The first issue of Nuorttanaste was printed by Lund using a portable printing press. As the paper grew, it established formal offices in Sigerfjord. Over the years it moved several times before setting up its first permanent printing press was in Gáivuotna Municipality. The press alternated between Gáivuotna and Oslo for several years before setting up offices in Vuonnabahta in 1960. In 1992, the paper's headquarters moved to Kárášjohka.
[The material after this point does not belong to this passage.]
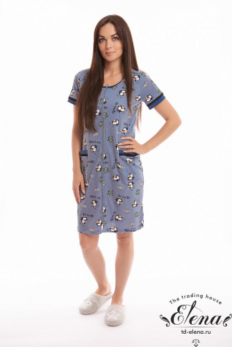 Женский халат на молнии из х/б полотна с набивкой. По бокам расположены карманы.

For much of its history, including during World War II, Nuorttanaste published twice a month; it currently publishes 11 issues each year. It has subscribers in Norway, Sweden, and Finland.

===Editors===
- 1898–1912: Gustav Lund
- 1912–1916: Ole A. Andersen
- 1916–1948: Henrik Olsen Heika
- 1948–1960: Anders Guttormsen
- 1960–1992: John Ole Nilsen
- 1992–2003: Ann Solveig Nystad
- 2003–2013: Olaug Balto Larsson
- 2013–2016: Liv Tone Boine
- 2016–: Ann Solveig Nystad

==Cultural impact==
For much of the 20th century, Nuorttanaste was the only newspaper publishing in Northern Sámi. Therefore, the paper played a major role in supporting Sámi literacy, along with Sámi language and culture.

For most of its publication history, Nuorttanaste has used the J.A. Friis orthography, which is the same writing system used for the Sámi Bible. From 1948 to 1958, the paper used the Bergsland–Ruong orthography, which was the standard for writing Northern Sámi in Norway and Sweden (but not Finland), before reverting to the J.A. Friis orthography. Since 2004, Nuorttanaste has used the pan-Scandinavian 1979 orthography.